Treat Children As the Scientists They Are and Skip the Terrible Two’s

My one-year-old grandson, Musa, is fast. No, I mean very fast. He can be safe on the sofa and in the time it takes me to get up and take a book off the shelf, he can be waving a poker from the fireplace in all directions.

One can easily foresee the onset of the “terrible two’s,” where all his relationships are defined by a continual string of “No’s” and a battle of wills. But on my last visit with Musa before I returned to the Midwest, I got a clear picture of how it doesn’t have to be that way.
I met him, his mother Lizzie and his older brother Abdallah at Ardenwood Historic Farm in California. (Gulp. Chickens, manure, and tools, oh my—two hours in Don’t Touch City with a 16-month-old.)

Immediately after I put him down from his hello hug, he picked up a three-foot stick at his feet, waved it around, and then offered it to me.

“Thank you,” I said, as I took it, used it as a cane and gave it back to him with a big smile. He poked the dirt with it a few times, and when Lizzie said, “Come on. Let’s go see the goats” and started walking, he played with it where he was until we were thirty yards away.

By the time he caught up Abdallah was feeding the goats through the mesh of a fence. Musa picked up a leaf and cautiously poked it through to the goat whose mouth greedily took it. Life is admittedly easier when one has an older brother to show you how things are done—less trial and error is necessary—just copy.

More wandering took us to the tractor shed where a rope looping from post to post separated us from 100 years of farm equipment. All technology requires investigation; so Musa was inside in the time it takes a humming bird to go from one flower to the next.

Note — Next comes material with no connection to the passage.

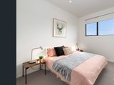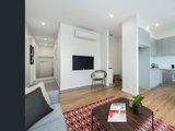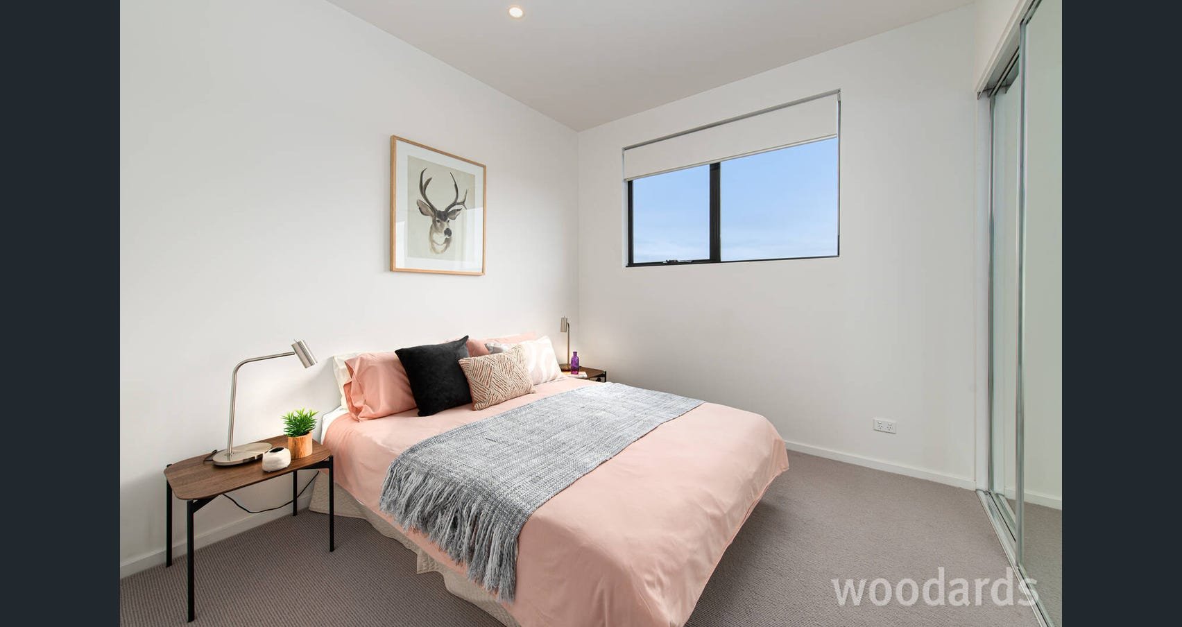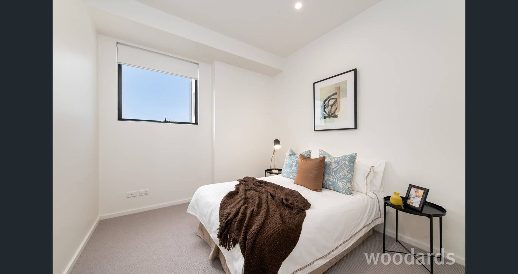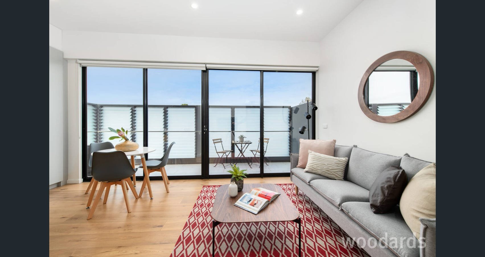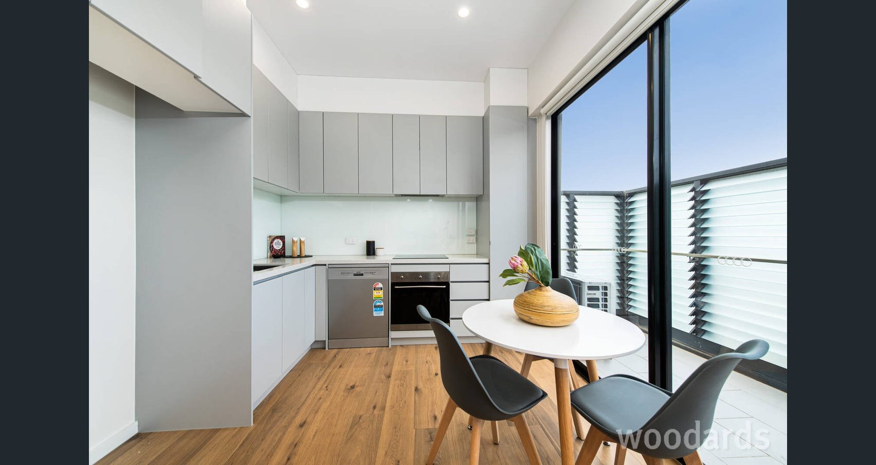 Sunlight streams through the open-plan living and dining zone, which flows effortlessly to a private balcony — the perfect space for relaxed alfresco dining and year-round enjoyment. The sleek kitchen is seamlessly integrated into the living area and features stone benchtops, soft-close cabinetry and premium stainless steel Smeg appliances, including an induction cooktop.

But Lizzie is experienced. She reached over the rope, put him on the correct side, and said: “This rope is a boundary. Do not cross it.” For the rest of our ten-minute exploration of tractors, Musa stayed on his side of the rope, pointing and saying “Oouushsh.” (Musa has a two-word vocabulary. The other is “ersch.” His mother and father are still trying to translate, but both words seem to mean everything from “Look” to “I want that” to “Tell me about that.”)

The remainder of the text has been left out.